На дворе послышались шаги, кашель, недовольный мужской голос:
– Клавка, выгони корову в денник и сена дай! Да напоить не забудь в обед! Все, я пошел, глядите тут у меня, чтоб все в порядке было!
Стукнуло железное кольцо калитки, затем тягуче скрипнула дверь скотного двора, промычала корова, проходя в денник, и там, на новом месте, принялась тяжело вздыхать, будто кому жаловалась на жизнь.
Денник был рядом с сеновалом, разделяла их всего лишь дощатая стена, и Вася-Конь хорошо слышал не только коровьи вздохи, но даже легкий скрип снега, когда скотина переступала с ноги на ногу. Под эти негромкие, убаюкивающие звуки он задремал, но и во сне продолжал ощущать вкус сладкого поцелуя на своих губах и неподдельно изумлялся: «Надо же, как тавро прикипело!»

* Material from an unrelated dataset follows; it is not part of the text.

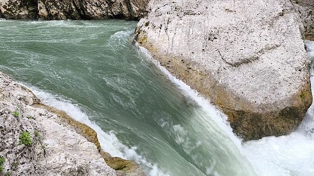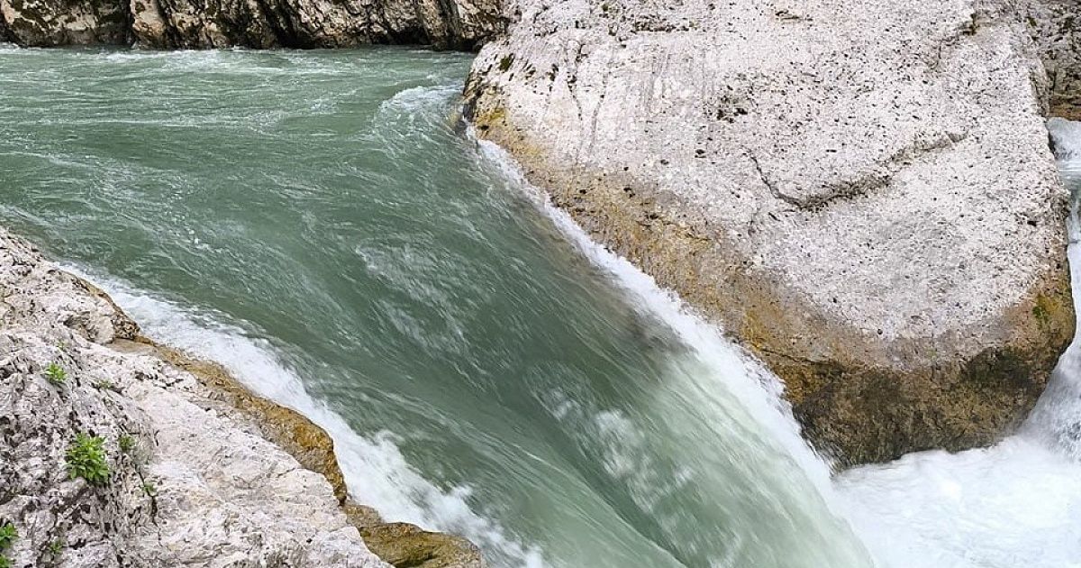 Когда турист приблизился к порогу Ахцу – одному из самых сложных и опасных участков реки Мзымты с шестой категорией сложности, – его лодка начала уходить в сторону большого камня в русле.

Иногда тонкая нить дремоты обрывалась, он тревожно вслушивался – все ли спокойно? – плотнее натягивал воротник полушубка и снова окунался в зыбкое, сонное течение, не переставая удивляться: «Жил, жил и никогда такой сладости не ведал. Уж не приворожила ли?» Спрашивал самого себя, ответа не находил, а поцелуй на губах продолжал гореть, словно и впрямь припечатан был раскаленным железом.
К вечеру прижал мороз, пласт сена уже не спасал, и Вася-Конь, вздрагивая от стужи, выбрался наружу, подрыгал затекшими ногами, разгоняя кровь, и неслышно соскользнул по лестнице с сеновала. Выбрался на улицу, полюбовался издали на узкое высокое окно, из которого выпрыгивал утром, и незнакомая, неизвестная ему раньше тоска зацепилась за сердце, как заноза. Окно в фиолетовых сумерках светилось уютно и ярко, манило к себе, но Вася-Конь заставил себя отвернуться, нахлобучил шапку на самые глаза, угнулся, прячась в поднятый воротник полушубка, и двинулся легким, скользящим шагом по улице, поближе прижимаясь к высоким заборам.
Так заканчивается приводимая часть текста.